(Beginning of PROVIDED INFORMATION)

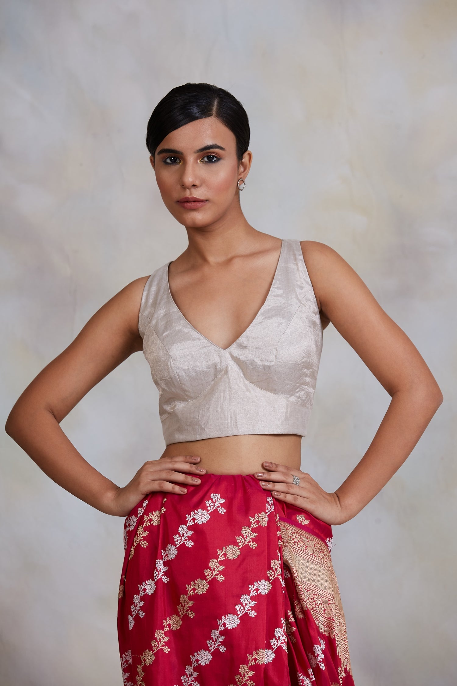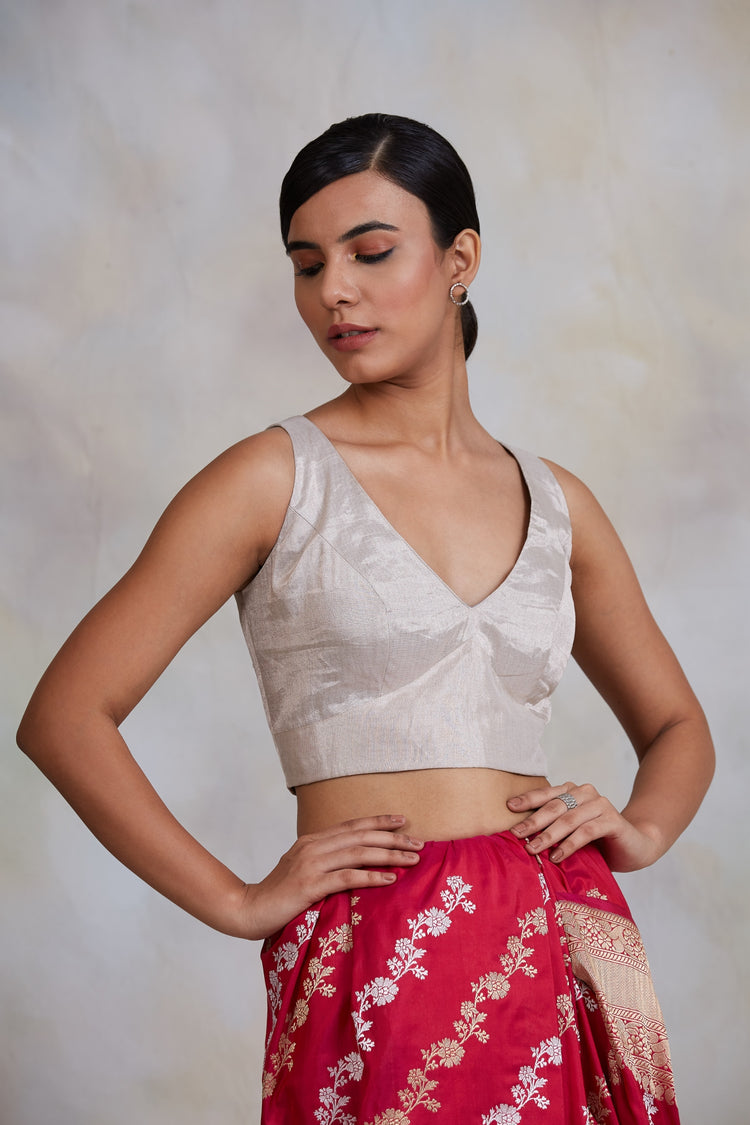 Mrinal- Silver Silk Chanderi Tissue Blouse
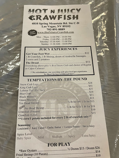 Food is delicious. Service is the worst. Eaten at this location 3 times. Once was okay. Last two have been complete crap. Henderson location is the best. Go there. Do not come here. 25 min to be seated. Thats fine, we expected this its a popular place. However the moment we sat down it began. I went to give my order and the girl answered questions of other people away from our table. She rushes through misses key things like which sauce. What kinda of fish ect. I have to get up and go to them to fix the orders as we knew is couldnt be right. So thats all well and done. Wrong. Completely different girl comes and says. "I need to retake your order she got none of it and needs it all again.. okay done... wrong again. Order starts coming out. Wrong food. We get food we didnt even order and missing one we did. "They will fix it so sry. We are busy and arent paying attention tonight" This girl was nice. Others could care less. Rest of the food comes. I ordered hot juicy sauce mild wife ordered garlic butter on her crab. Both sauces EXACTLY THE SAME. No crackers. I go up... because its fast food now you service yourself less its time for them to hand you a bill. Tell the now guy at the counter. He tells me no. It looks that way. It tastes completely different. Go back. NOPE its juicy sauce. Even has the paste in the bottom and is super spicy. The guy comes... no crab crackers. Argues with me that its garlic butter. I pour the stuff out on my glove and say which is wrong then? They cant both be exactly the same and be two different sauces. He continued to argue with me then says fine we will just take it back. At this point Im not eating anything new. I dont need spit from some guy who wants to argue what everyone else there could plainly see. 10 mins later dinner about done crab crackers come.... great. Get drink refills. Which came but hardly which is odd since they are busy now. They just decided that counting drawers was more important than waiting tables. Which were completely covered in bags of trash. Not just ours. They literally left all dirty napkins cups trash anything you used on the table piled up until you are completely done then take some of it away so they have room for the bill. I will never come here again. $115 bill I gave them a $10 tip. Only reason I did so is I think they chop it and the couple of people who worked the other tables and didnt act like they worked at a walmart shouldnt be screwed for them. Id imagine these people take half of what they earn. I normally give 20% or more. I wanted to give $0 but I couldnt bring my self to do it. As I was paying the first girl attempted to say she was sorry for the way the night went and the crab mistake. I told her its over, no sense in saying sorry now when your employee wants to argue across the restaurant with me during my meal. GO TO THE HENDERSON LOCATION. ITS WORTH THE DRIVE. 1000% better service. If youre carrying out the food here is the same. The service here is awful.
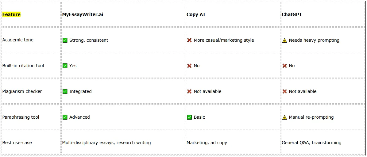 Many students compare AI essay writing help tools like Copy AI, ChatGPT, and MyEssayWriter.ai. While all can generate content, MyEssayWriter.ai’s specialization in academic writing makes it stand out.
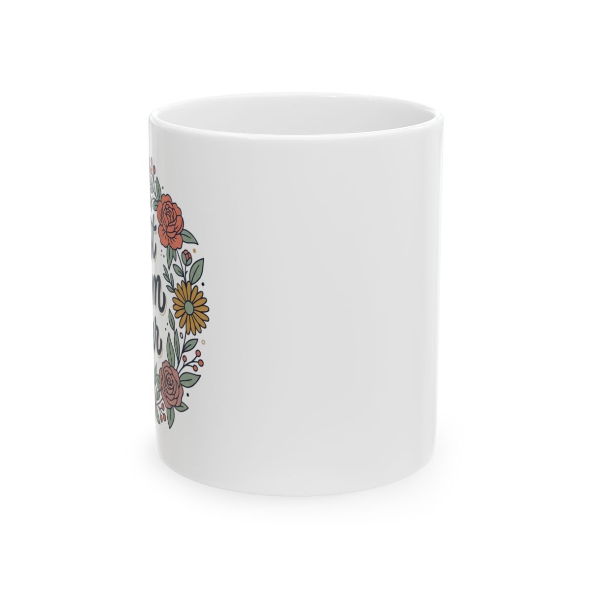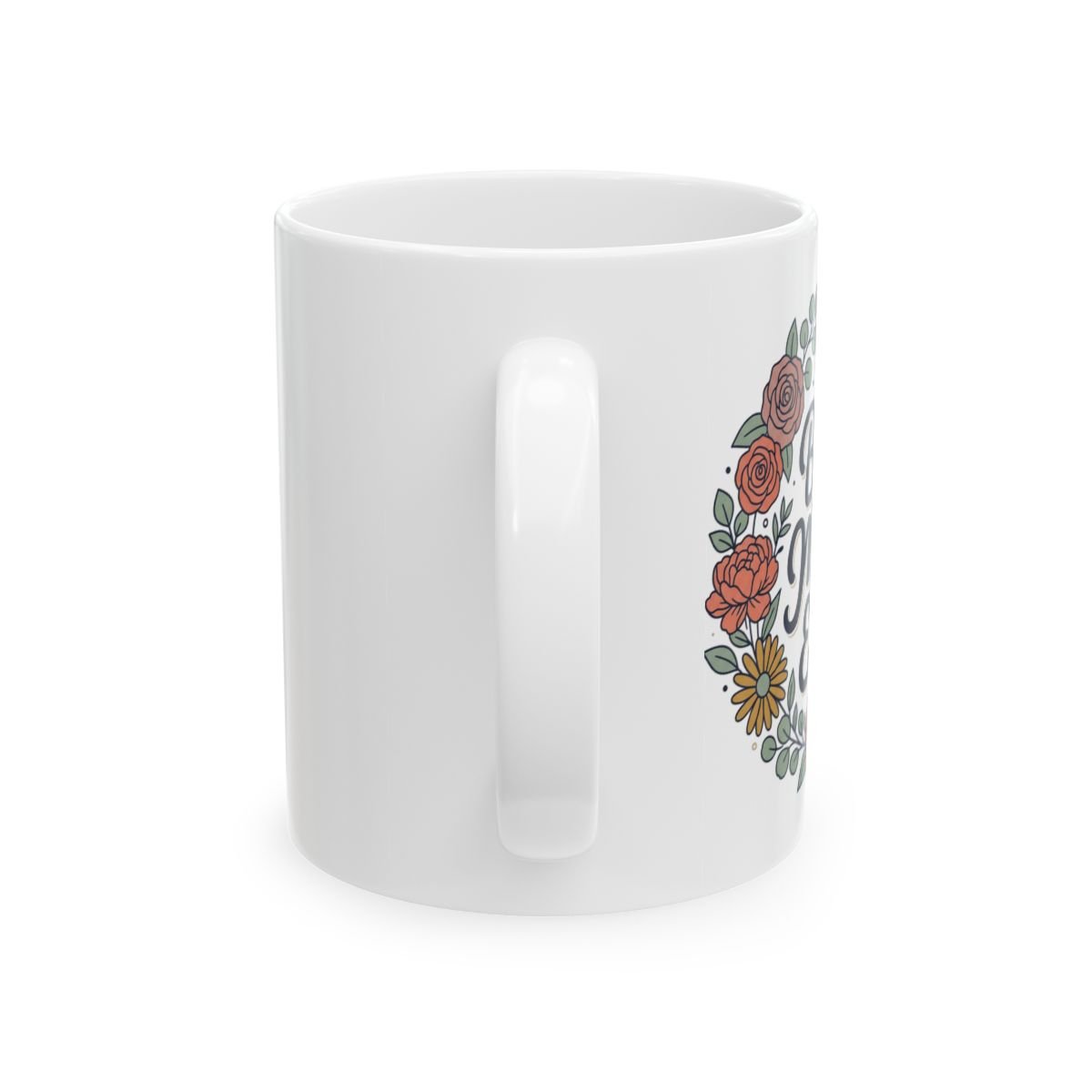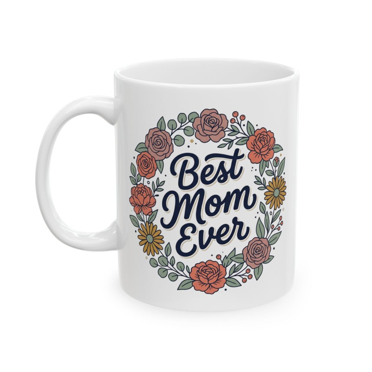 A warm, hand-lettered mug that says “Best Mom Ever” framed by a soft floral wreath. The glossy white ceramic surface makes the deep navy script and muted peach, coral and yellow blooms pop — a gentle, everyday reminder of appreciation. It sits comfortably in hand with a classic C-handle and is sturdy enough for daily coffee, tea, or cocoa. Use it on slow mornings, at the home office, or tucked into a cozy breakfast nook where small, quiet moments become meaningful.
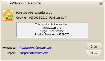 Скачать программу FairStars MP3 Recorder 2.21 (2,63 МБ):
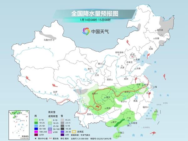 後天,內蒙古東北部、黑龍江中東部、吉林東部、新疆沿天山地區、西藏東北部、安徽南部、川西高原和四川南部等地部分地區有小雪或雨夾雪。安徽中南部、湖北大部、湖南北部和西部、貴州大部、四川南部、廣西東部、廣東大部、台灣島等地部分地區有小雨,其中,廣西東南部、廣東西部等地部分地區有中雨。
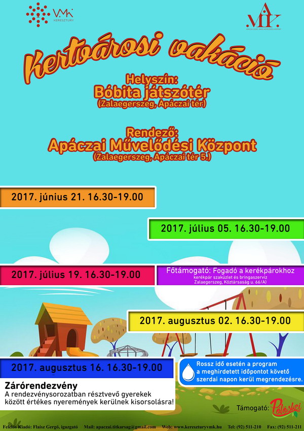 A nyári szünidőben öt alkalommal, kéthetente megrendezésre kerülő játékos programsorozat, ahol kézműves foglalkozás, közös játék, ügyességi verseny, gyermek műsor várja az „itthon vakációzó” gyerekeket, családokat. A Kertvárosi Vakáció ötödik, egyben záró rendezvényén, a programsorozaton rendszeresen résztvevők között értékes ajándékokat sorsolunk ki.
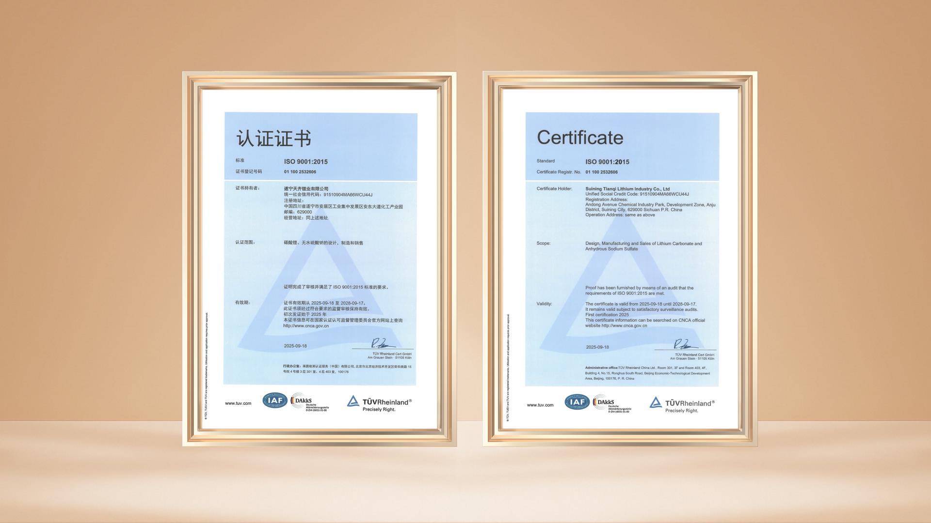 近日,遂宁2007so太阳集团有限公司(以下简称“安居基地”)顺利通过中国质量认证中心与德国莱茵TÜV集团的严格审核,成功取得三项管理体系认证。其中包括ISO 9001:2015质量管理体系认证、IATF 16949:2016汽车质量管理体系认证,以及ISO 14001:2015环境管理体系与ISO 45001:2018职业健康安全管理体系整合认证。
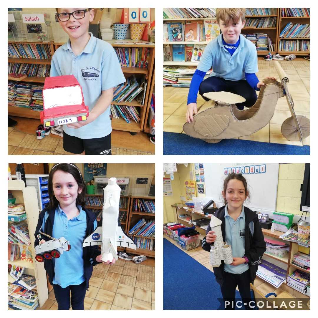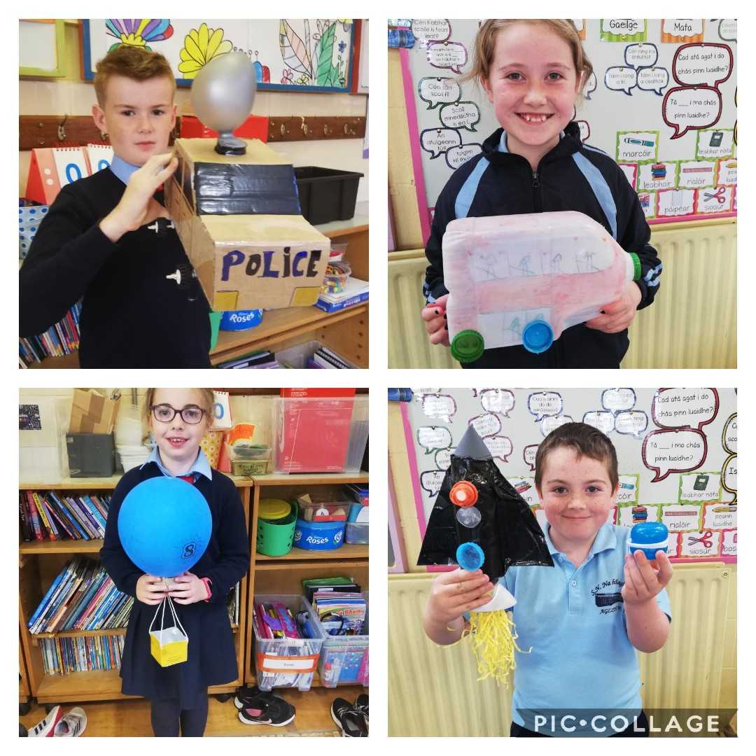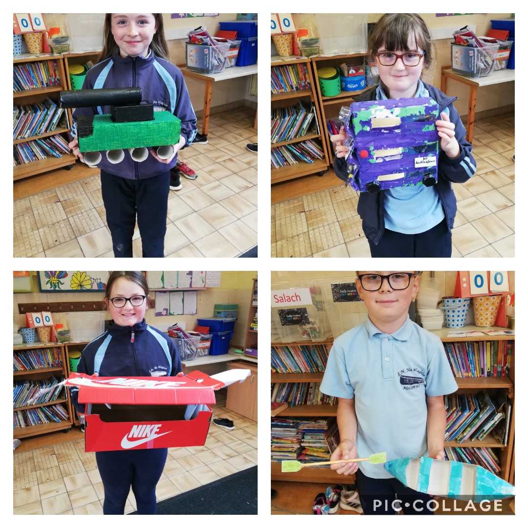 Our theme this month, in Rang a 3 agus Rang a 4, is 'Transport'. We had a project to do at home where we had to make a mode of transport out of our recycling materials. We would like to thank our parents for the amazing help and wonderful creations that came into school last week. We had great fun learning from each other.  We completed reports on Friday morning outlining the materials needed and the methods used to make our particular mode of transport. We are in no doubt, after the presentations, that we have many engineers in the making in Aglish. The future looks bright. Well done everyone!
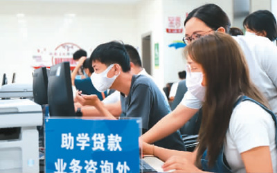 今年8月9日,在貴州省黔西市人民政府政務(wù)服務(wù)中心,志愿者在為大學(xué)生辦理信用助學(xué)貸款。 新華社發(fā)
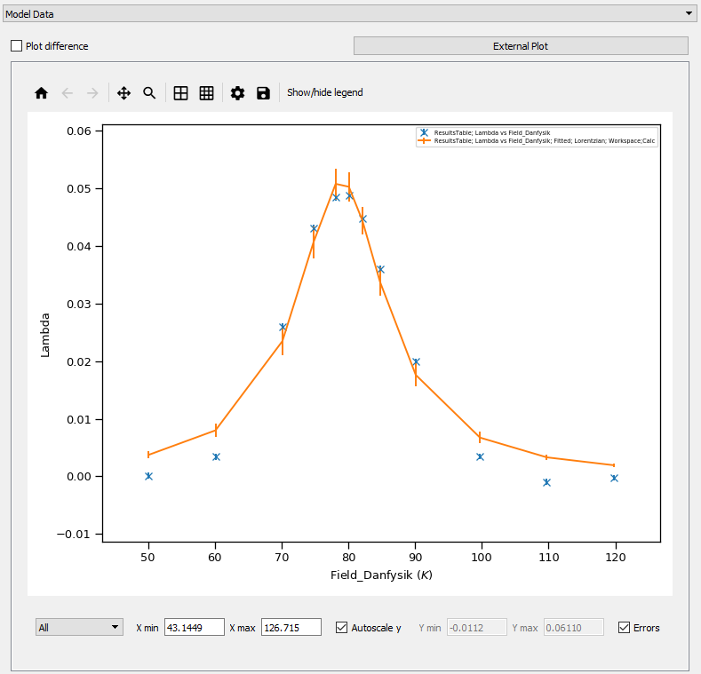 The model fitting tab is used to perform a fit across fit parameters and sample logs found in a results table within the Muon Analysis and Frequency Domain Analysis. To use Model fitting it must first be enabled via the feature flags. This tab allows you to select a results table, before selecting the data that should be plotted on the x and y axes. It is then possible to perform a fit using a selected fit function. The selected model fit data is displayed in a plotting pane on the right hand side of the interface. An example model fit plot is seen in the image below.

(End of PROVIDED INFORMATION)

## WHAT TO WORK ON
Working from the entries above, please transcribe only the lines from the line with "Скачать программу FairStars" through the line with "後天,內蒙古東北部、黑龍江中", exactly, with both end lines and without pictures.

## FINISHED EXERCISE
 Скачать программу FairStars MP3 Recorder 2.21 (2,63 МБ):
 後天,內蒙古東北部、黑龍江中東部、吉林東部、新疆沿天山地區、西藏東北部、安徽南部、川西高原和四川南部等地部分地區有小雪或雨夾雪。安徽中南部、湖北大部、湖南北部和西部、貴州大部、四川南部、廣西東部、廣東大部、台灣島等地部分地區有小雨,其中,廣西東南部、廣東西部等地部分地區有中雨。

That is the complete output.